The resulting face-off is consuming fans in the Pacific Northwest, with Major League Soccer often being portrayed as a greedy, money-grubbing overlord. It’s an unfair depiction, but it’s also understandable given the passion fans have for something they’ve created. One Portland fan site author summoned Orwellian cynicism in depicting an over-marketed Cup future (while ironically tagging the post “Cascadian Exceptionalism”). A Seattle fan blog’s more even-handed coverage acknowledged MLS’s latest comments are “far short of what supporters were hoping to hear.” One Vancouver blog described fan reaction as “vitriolic”. (Those SBNation blogs are seriously great fan sites.)

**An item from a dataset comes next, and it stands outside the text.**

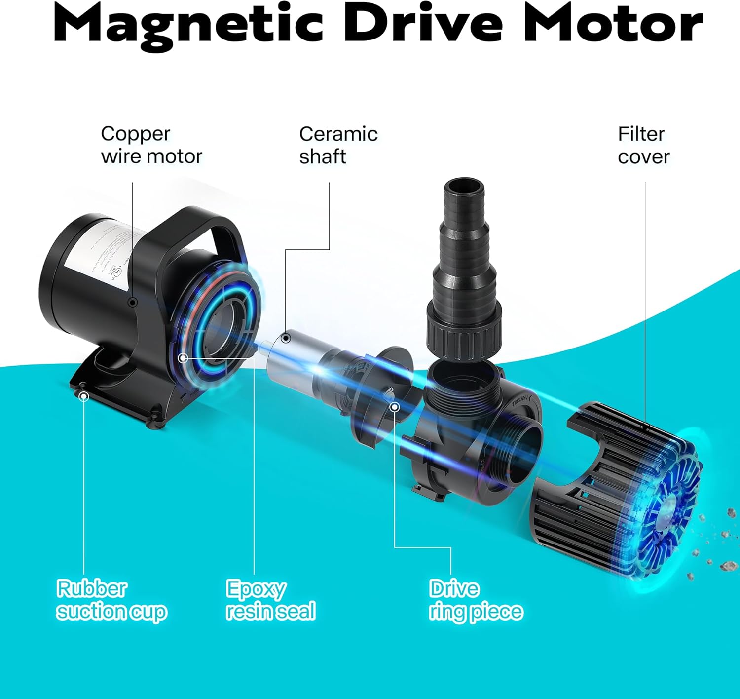 - HIGH LIFT & LARGE FLOW - This pond pump boasts a high-quality copper wire motor and employs advanced magnetic drive motor technology for exceptional performance, energy conservation, and stable operation; With a power rating of 100W, it achieves a maximum lift height of 14ft and a flow rate of 1600 GPH

Clearly, passions are high. Commissioner Garber addressed the situation yesterday in Indianapolis, admitting the league has “not done a good enough job communicating with the fans in the Pacific Northwest”:

“The goal is to have a trademark that’s managed, so that we – the league that has its teams playing in the Cascadia Cup – can ensure that that trademark is managed properly. That it’s not exploited by people that shouldn’t be exploiting it. That it’s not offered to those that might not have the right to be associated with Major League Soccer.”

Garber went on to explain why he feels Major League Soccer, not the fan groups, should dot he managing:

“[MLS can] ensure that it’s controlled. Prospective fan groups, in theory, could offer that trademark to a competitive sponsor … They can take that trademark and sell it to a promoter. They can produce merchandise that’s not merchandise that we would want associated with our teams or with our league. There are so many things that go into intellectual property management.”

It’s a compelling point, but the fact remains: The supporters in the northwest created the trophy. Major League Soccer may be better equipped to manage the brand, but it’s not theirs. With the recent creation of the Cascadia Cup Council — an umbrella organization that’s also seeking the U.S. and Canadian trademarks — fans finally have a singular entity that can make their ownership claim.

But as Garber implied, that’s not going to work. At least, not for Major League Soccer. The Cascadia Cup may have been created by supporters, but in the league’s view, the Cup has transcended its first life as a fan trophy. Major League Soccer is marketing it, it’s becoming a part of league initiatives like Rivalry Week, and whether the supporters admit it or not, much of the Cascadia Cup’s current (and future) prestige is tied to the league’s promotion of the trophy.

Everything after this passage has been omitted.